I have skin cancer – a type called basal cell carcinoma.
I want to share my experience right from the beginning through my blog. Don’t worry, it won’t dominate this blog – there are recipes to share and other experiences to write about. Cancer does not define me. I won’t let it. It’s part of my whole life journey. It’s part of me. I own it.
One might think, whew, it’s only skin cancer….. good thing it’s not a more serious cancer. Cancer is cancer. Those mutant cells have now been identified in my body. I AM grateful that basal cell carcinoma has a very good success rate of treatment and survival rate of 95% at five years.
This kind of skin cancer is attributed to UV rays from sun exposure or tanning beds (which I’ve never used). Some scientists say that the sun’s rays were doing their damage decades ago unbeknownst to me. When I was a kid in the 1950s , we practically LIVED outside, summer and winter. Sunscreen hadn’t been invented yet and climate change wasn’t recognized. We played outside in the summer wearing as few clothes as possible with our bodies becoming browner as the summer progressed.

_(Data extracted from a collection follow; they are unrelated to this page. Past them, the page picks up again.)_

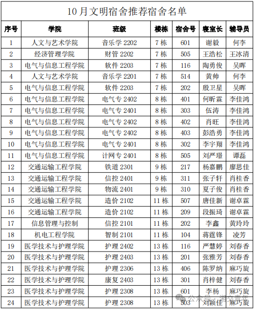 为营造整洁、舒适、文明的宿舍环境,培养学生良好的生活习惯与团队协作精神,校宿舍管理委员会严格依照宿舍 6S 管理标准,开展了文明宿舍评选活动。经个人自主申报、栋位栋长与层长推荐、宿舍管理委员会初评、学生工作处审核,最终评选出了 10 月份校级文明宿舍。现将评选结果予以公布,具体名单如下:
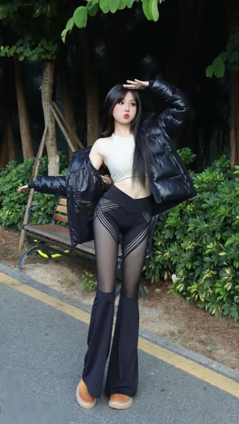 街拍每日穿搭美女时尚穿搭瑜伽裤<!...
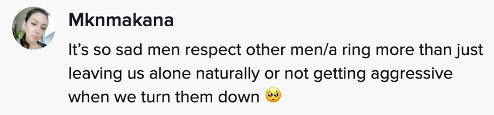 A flight attendant's clever ploy to ward off creeps by wearing a fake ring has gone viral.
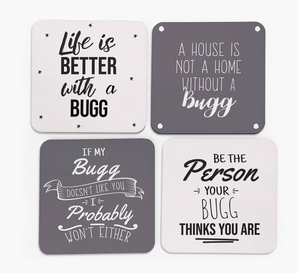 Each coaster has a special unique phrase and shows just how much Bugg means to you. They come in five contemporary colors and are the pawfect addition to any stylish Bugg lover's home.
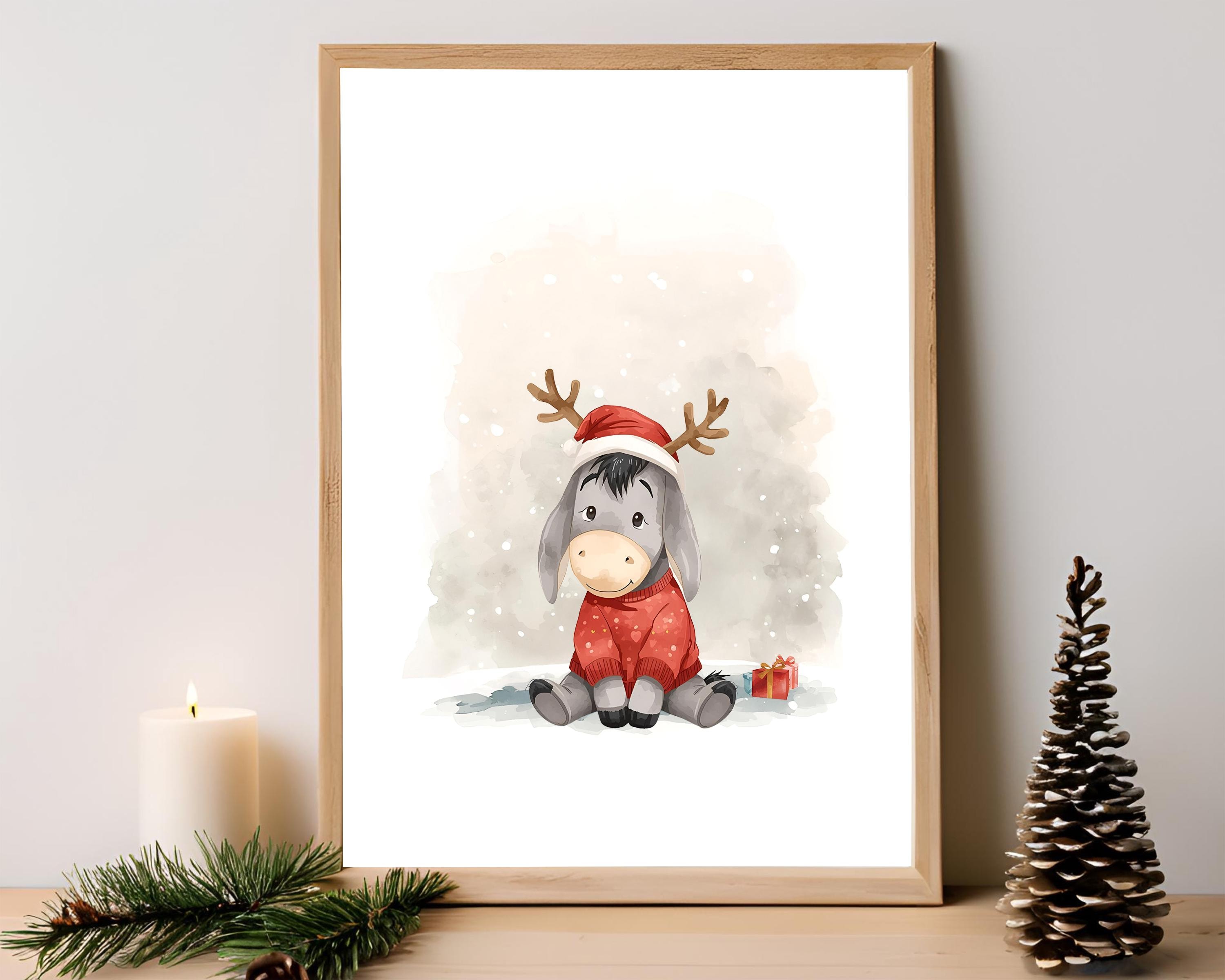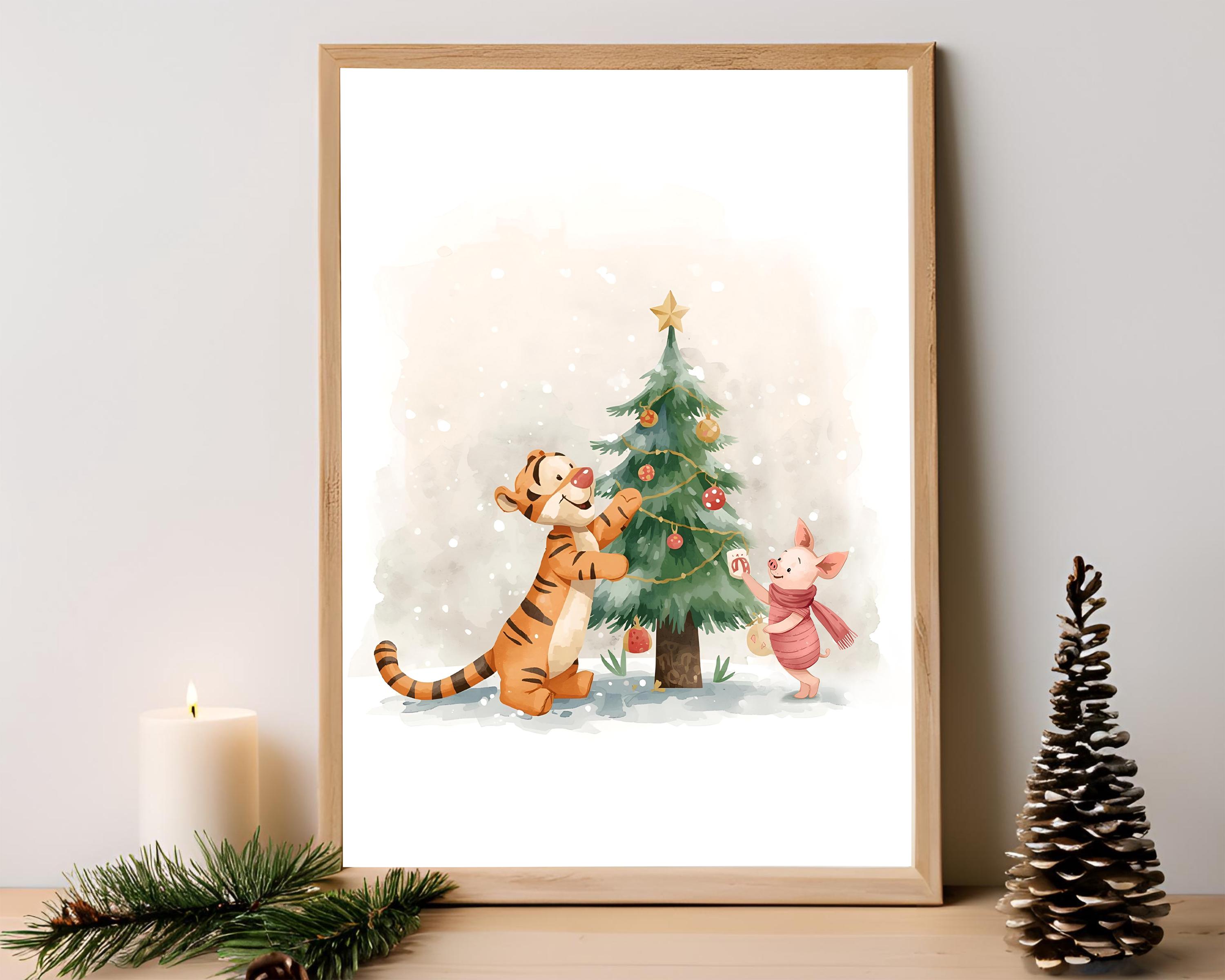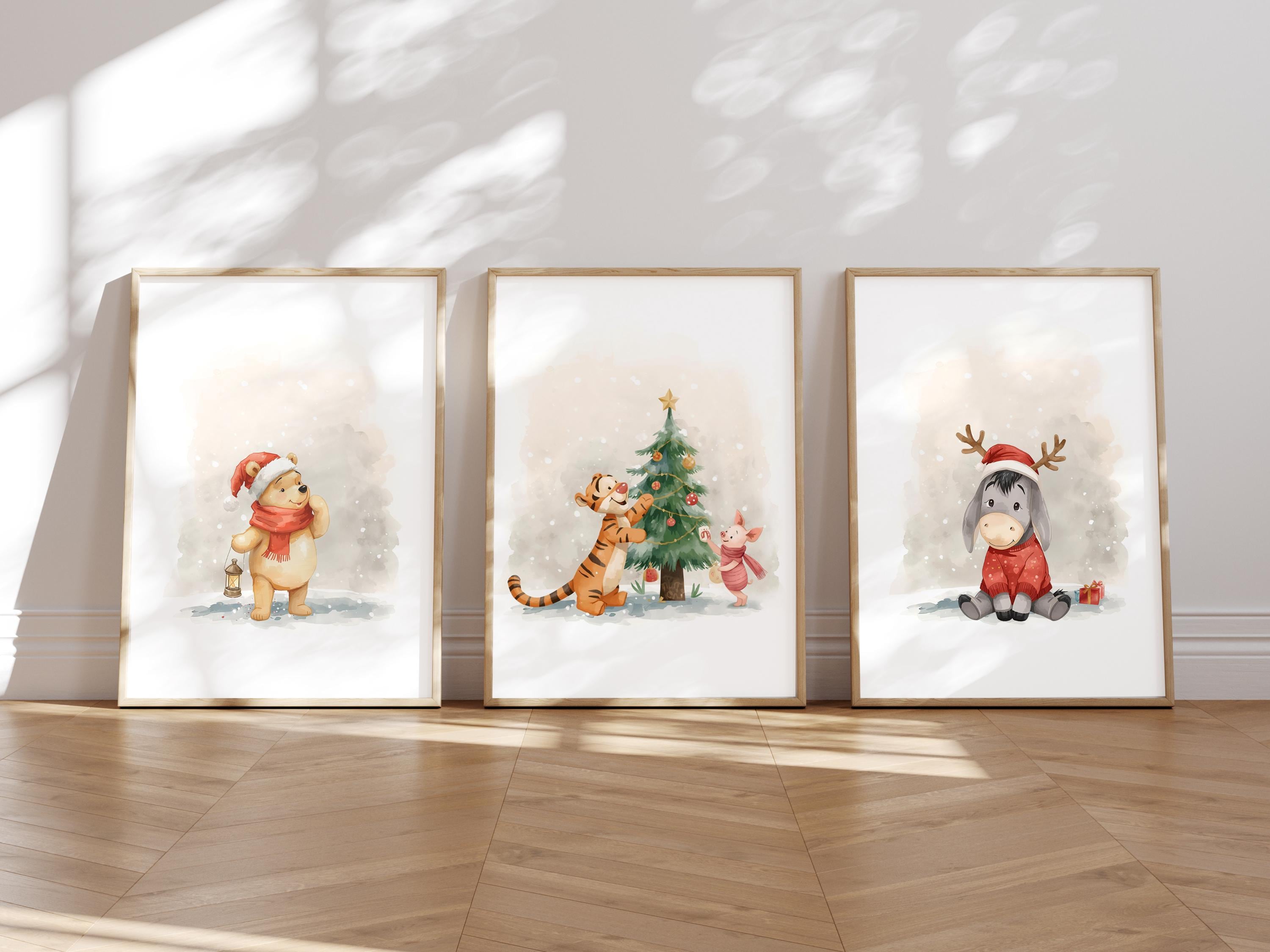 Each print captures the warmth of the season — Pooh with his lantern, Tigger and Piglet decorating the Christmas tree, and Eeyore dressed in a festive sweater and antlers — creating a heartwarming holiday wall art set that children and adults will adore.
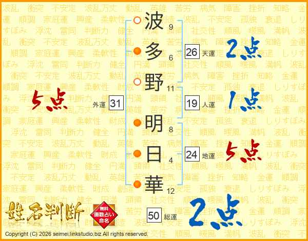 波(9画)多(6画)野(11画) 明(8画)日(4画)華(12画)
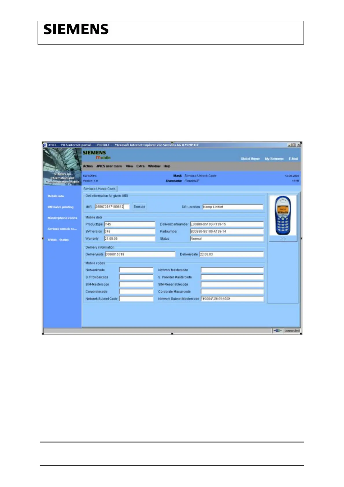 - The user must be given the authorization to obtain Simlock Unlock- Codes for the
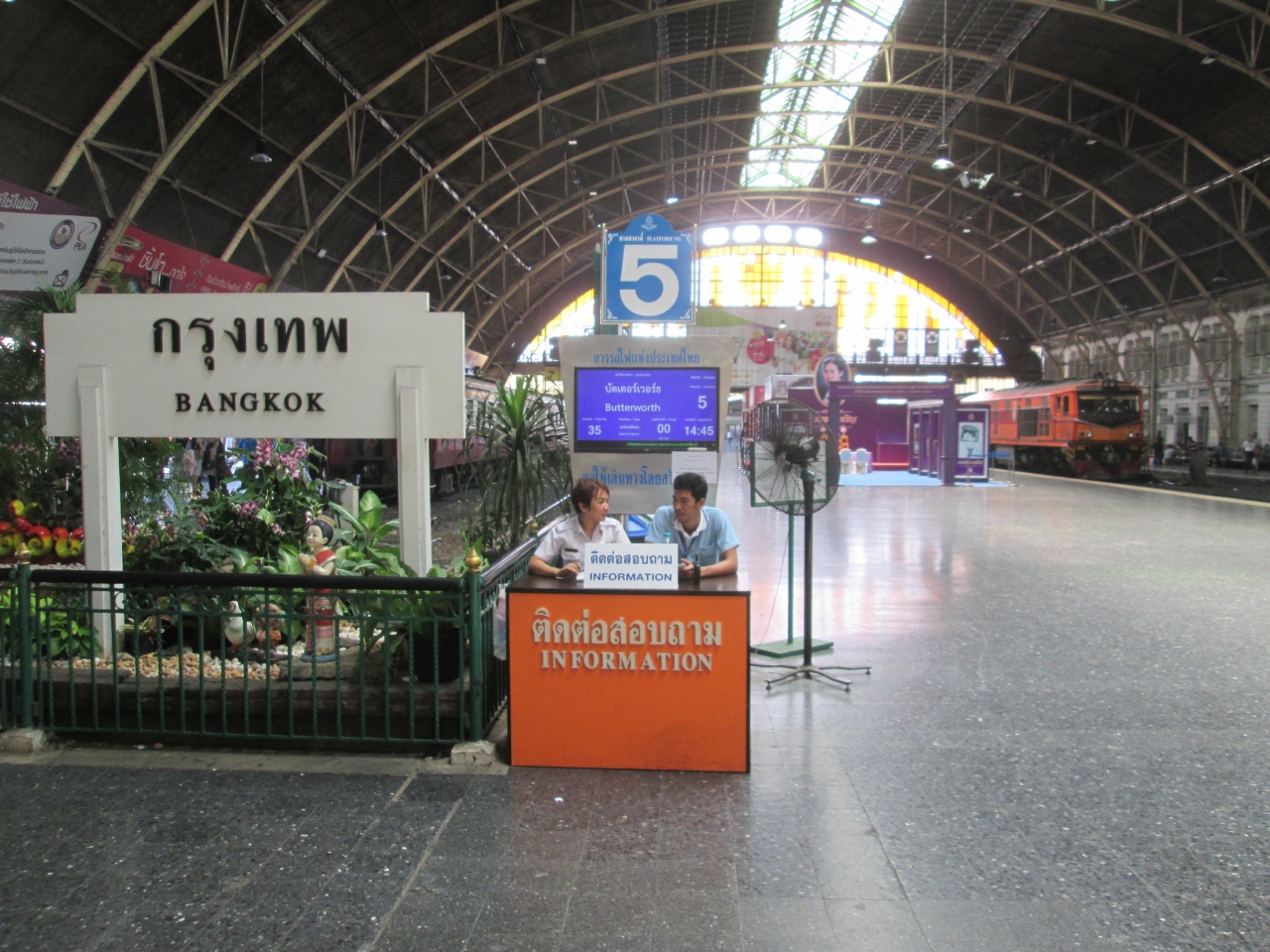国鉄ファランポーン駅の臨時インフォメーションカウンターであってもスタッフが待機しています。2人待機していました。6月に国鉄ファランポーン駅に訪問すると、インフォメーションカウンターの上に電光掲示板が設置されていました。
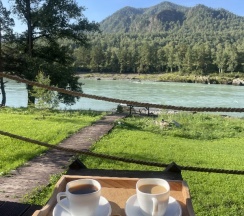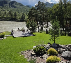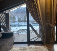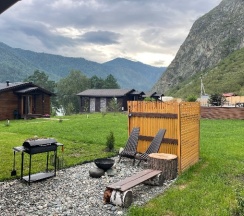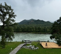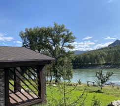 Провели незабываемые выходные.Расположение просто идеальное: горы, прекрасный вид на Катунь и невероятно ухоженная территория. Зелени столько, что глаз радуется! Утром пение птиц, свежий горный воздух – это настоящий релакс для души и тела. Домик шикарный со всем необходимым ( полотенца, тапочки, фен, пледы, посуда, холодильник). Современный ремонт,белое постельное белье. На территории бассейн, в знойную жару- шикарно охладиться.
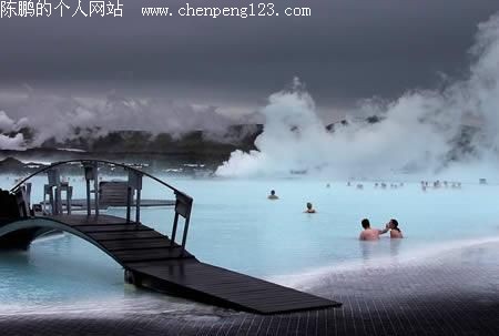 冰岛西南部,距离首都雷克雅未克大约39公里的蓝湖地热温泉,是冰岛最大的旅游景点之一。蓝湖所在地是地球上地下岩浆活动最为频繁的区域之一,这种活动加热了蓝湖,使得水体蒸腾。地面附近的熔岩流加热的水蒸汽用于推动涡轮机发电,经过了涡轮机的蒸汽变成热水,经过换热器又为市政热水供暖系统提供热量,可谓一举多得。蓝湖洗浴和游泳的礁湖地区水温平均在40 ℃ 左右,水体有丰富矿物质,如硅和硫,在蓝湖泡温泉,可以帮助治疗一些皮肤疾病,如牛皮癣等。
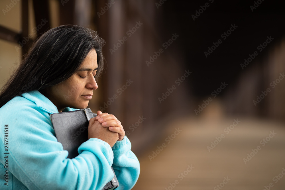 Hispanic Woman Sitting On A Bridge Praying While Holding Bible #257781518
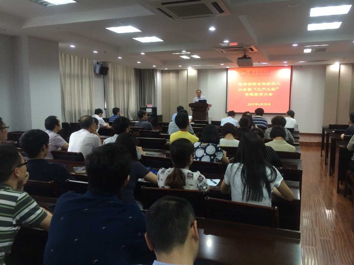 全体教职工大会暨“三严三实”专题教育大会在理科楼C303召开。会议由H小说
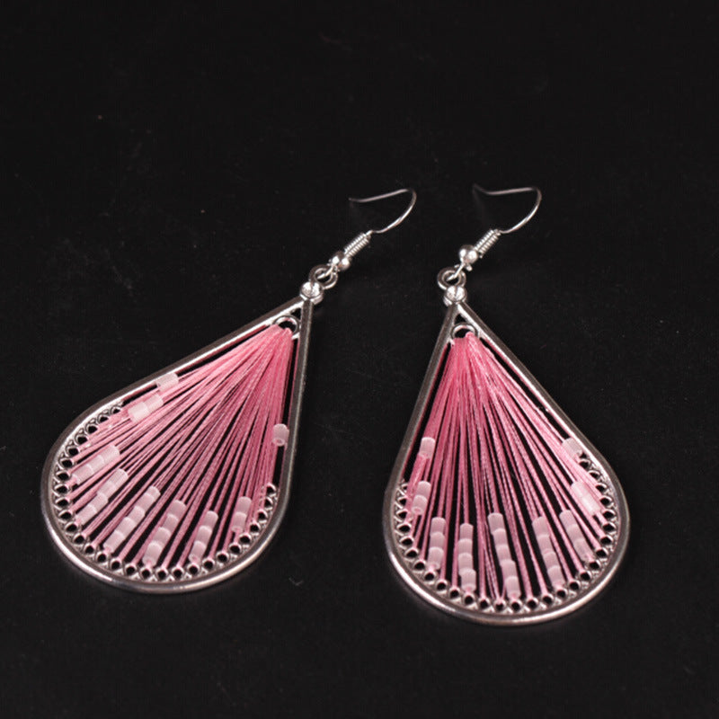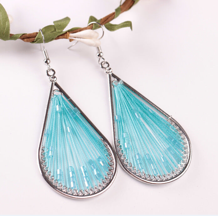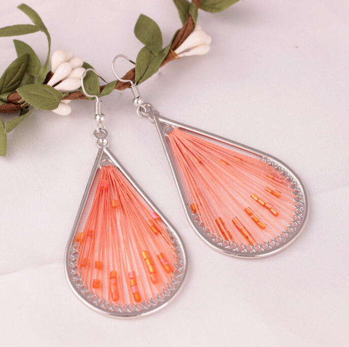 Realza tu estilo con nuestros aretes colgantes de cuentas bohemias con alambre fino trenzado. Esta impresionante joya bohemia presenta un diseño geométrico único, lo que la convierte en el accesorio perfecto para cualquier atuendo de inspiración bohemia.
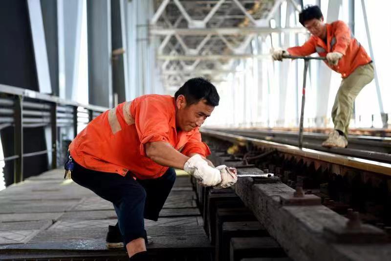 铁路桥隧工对九江长江大桥进行检修。(中国铁路南昌局集团公司供图)
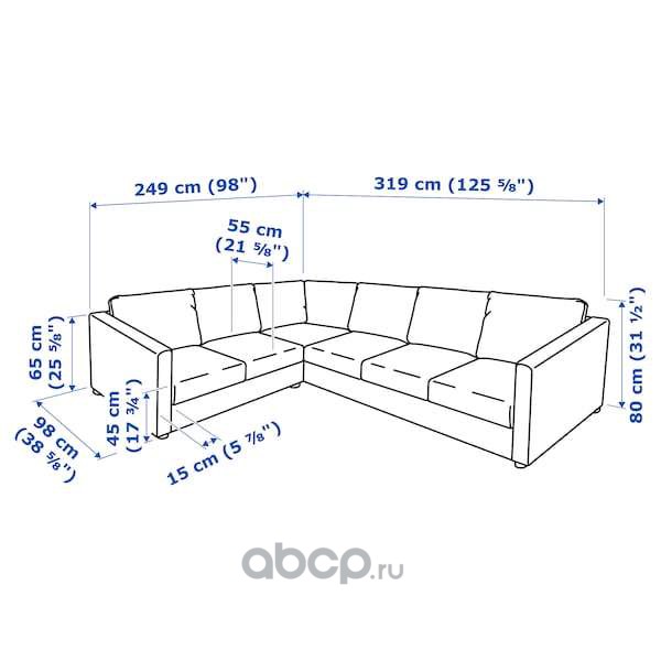 VIMLE ВИМЛЕ 5-местный угловой диван, Гранн/Бумстад черный

I felt suspicious about a few spots on my face several years ago so I went to my former family Doctor. He thought they were insigificant, cosmetic spots and proceeded to do a freezing-like treatment on each one – it’s called Cryosurgery which uses liquid nitrogen to destroy the pre-cancerous cells. It didn’t help. I changed physicians to a young woman who was only 4 minutes from home – I ‘interviewed’ her and decided she was easy to communicate with, up-to-date on the latest research, and had no problem with addressing each other by our first names. Last year, I showed her my little ‘spots of concern’ on my face and asked for a dermatologist appointment to get them checked out. She suggested that first we try the freezing treatment (again). After a month, it was clear that it didn’t work (again) so a referral was made to a dermatologist. My concerns centered around one particular area on my upper lip which bled off-and-on and never healed completely. It looked almost like a roundish scar, but I had never been cut there. And it was growing in size.
Finally, my dermatologist appointment arrived after 8 months of waiting – I could have gone earlier into the city but I didn’t want to drive there as parking is a nightmare. The Doc walked in and introduced herself and her collegue, asking for my permission that he be there. She walked up to me sitting on the examining table half dressed and stated matter-of-factly “I see you have skin cancer”. Just like that. A family doctor couldn’t identify a suspicious skin anomaly? Anyone can ‘google’ my symptoms and get a probable answer. She checked me over but was focused on that one spot. She thought that it was a large basal cell carcinoma. Her and her collegue talked about various treatments and even called in the plastic surgeon from the clinic next door. They all agreed that Mohs surgery was called for: basically, at the Ottawa Hospital I will be under local anesthetic and the surgeon will scrape away layers of the cancer, testing it after each layer until no cancer remains. It’s quite successful for the treatment of this kind of cancer. The surgery will likely be in about 3 months.
While I was there, the dermatologist did a biopsy by injecting freezing into my upper lip and removing a portion of the cancer with a scalpel to send off to the lab for confirmation. I had no problem looking at the needle with freezing going in but when I saw her coming close to my face with the scalpel, I thought to myself “it’s okay to close your eyes now” hehehe. Then she proceeded to cauterize the area, which hurt because some of it had no freezing. I said that I shouldn’t be such a baby since I gave birth to seven children without as much as an aspirin for the pain.
She talked about sunscreen… calling for biopsy results in 3 weeks… the surgeon’s name… Mohs surgery… reconstruction…. and other things and I was worried that I wouldn’t remember it all. Then she handed me a sheet of paper where she kindly wrote it all down.
I’ve been thinking alot about being outside and gardening this summer and driving with the sun pouring through the window and forgetting to lather on my 60 SPF sunscreen and a whole lot of other things that never concerned me before.
Biopsy results confirmed basal cell carcinoma.